Chalcedony falls silent. Even the rustling ceases. Then she says, “Maybe my Lady can go away now?”

“Oh, my sister, why should I go away?”

Again, a long silence.

When Chalcedony speaks again, her voice is moist with tears. “Private matters. Unhappy matters.”

“Lady of Sorrows,” Pertelote murmurs, “why are you sad? Perhaps I can comfort you.”

Now Chalcedony begins to sob. “Hoo, hoo, hoo.”

Pertelote spreads the juniper branches aside. Chalcedony is gaunt. In heaven’s name, what has she been doing here, alone?

Then the skinny Hen draws back, and Pertelote sees an egg lying before her.

Chalcedony says, “I’m sorry. I am that, my Lady. I didn’t never want to cry.”

“Sister! You’ve begun to bring a child to birth.”

“I never couldn’t lay another since the Rat kilt the first, and that the first of all I ever made. But I says to my soul, ‘And why mayn’t Chalcedony be layin’ an egg like any other?’”

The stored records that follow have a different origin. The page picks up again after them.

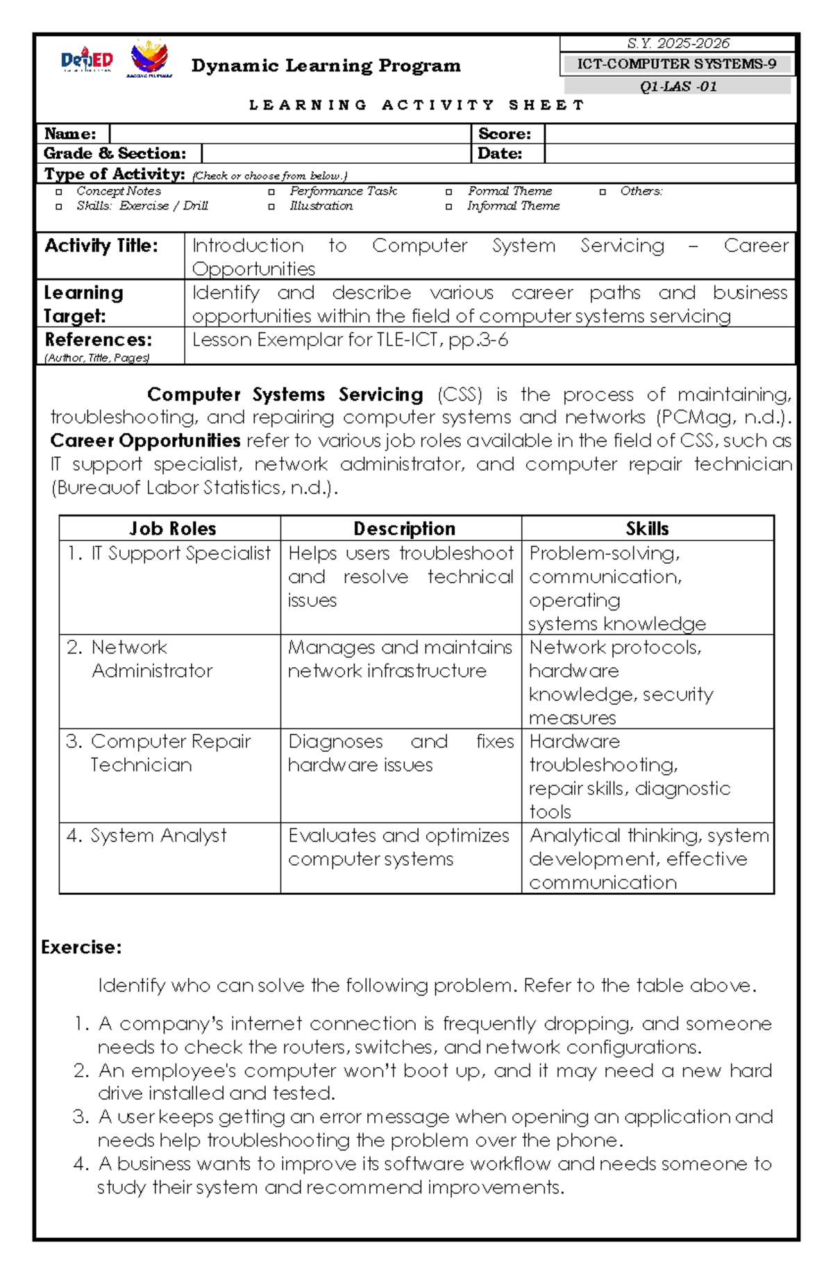 Q1-TLE9-ICT-LAS01: Career Paths in Computer System Servicing - Studocu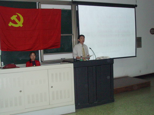 张主任以饱满的热情首先讲解了党员的权利与义务、如何坚定共产主义信念以及如何从一名爱国主义者转变成一名坚定的共产主义者,最后还对所有入党积极份子同学提出了几点希望。希望同学们在平时的生活中,从自己身边的小事做起,以一名共产党员的标准来严格要求自己,争取早日在行动上加入中国共产党。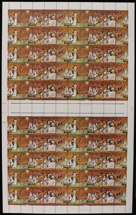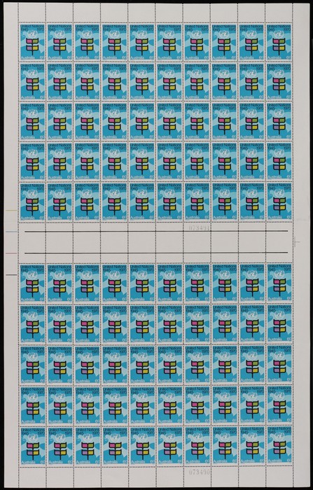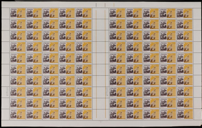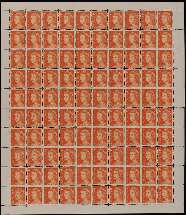 right pane of 50 inc part gutter strip at left inc gold & green Autotrons at UL cnr, black sheet number at LL & variety 'retouch between heads at LL' (pos RP10/1). Fresh MNH. ACSC 547 d zb cat $86. (50) (Image1)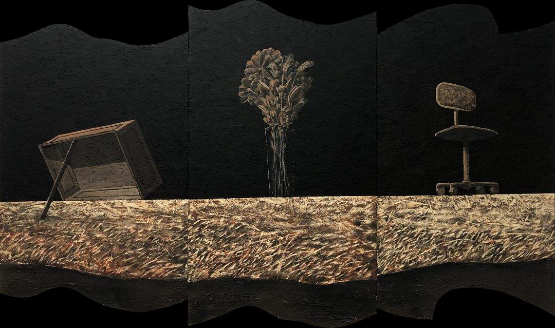 “Птахаловка, квіти та стілець”, OSB, 145 х 250 см., 2024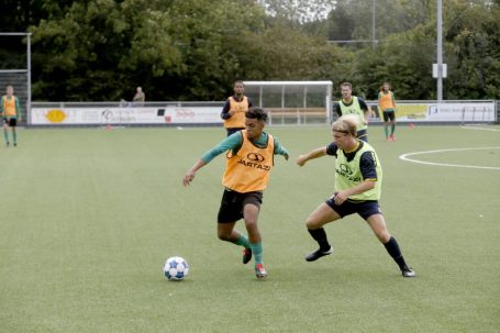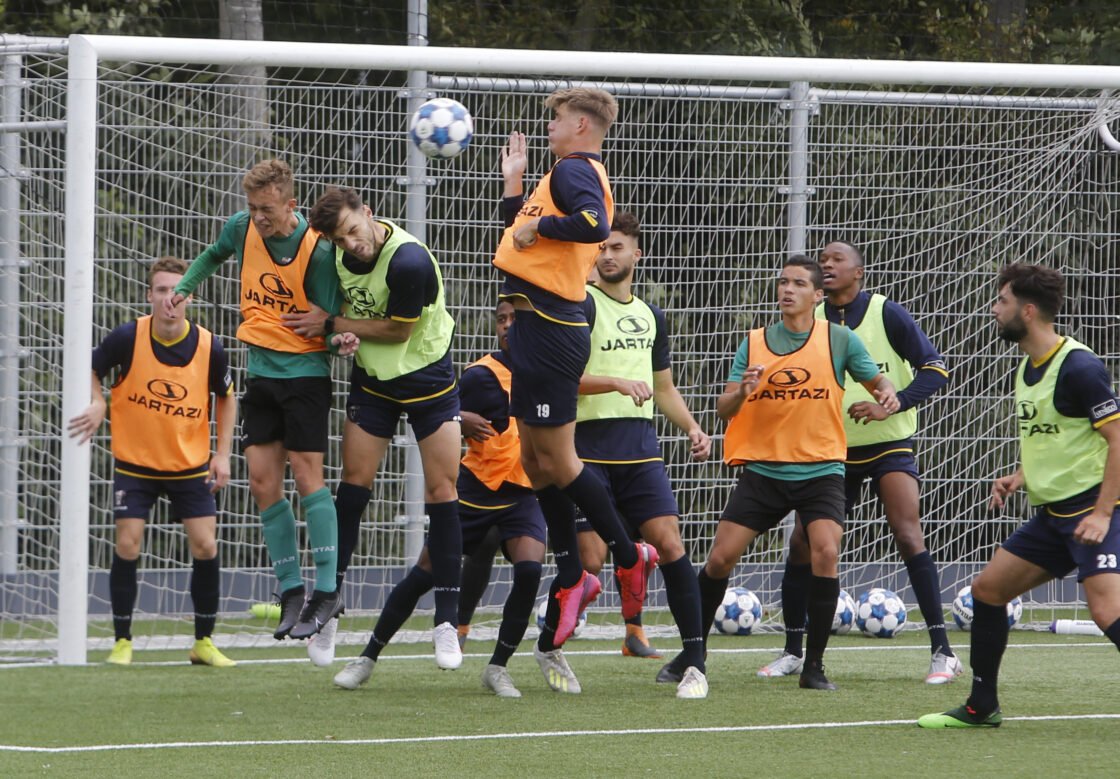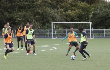 DORDRECHT – De selectie van Harry van der Ham maakt zich op voor de eerste uitwedstrijd van het seizoen. FC Dordrecht speelt zondag om 16.45 uur uit bij FC Den Bosch. Vandaag trainde Richie Musaba nog apart van de groep mee. Hij komt voor één jaar op huurbasis over van Fortuna Sittard. De wedstrijd in Den Bosch staat onder leiding van arbiter Robin Hensgens. (Foto’s: Thymen Stolk)

“A lovely little egg. Unblemished.”

“Oh, Lady, oh Lady.” The thin Hen gives herself over to heavy sobs and tears. “But I been sittin’ broody on my perfect egg weeks and weeks, and the pretty bairn can’t hatch. Chalcedony, she’s got a motherly heart, but never no baby to mother.”

Now Pertelote sits down beside her sorrowful sister and lays a wing over her back.

“It is time,” she says. “It is surely time to cry.”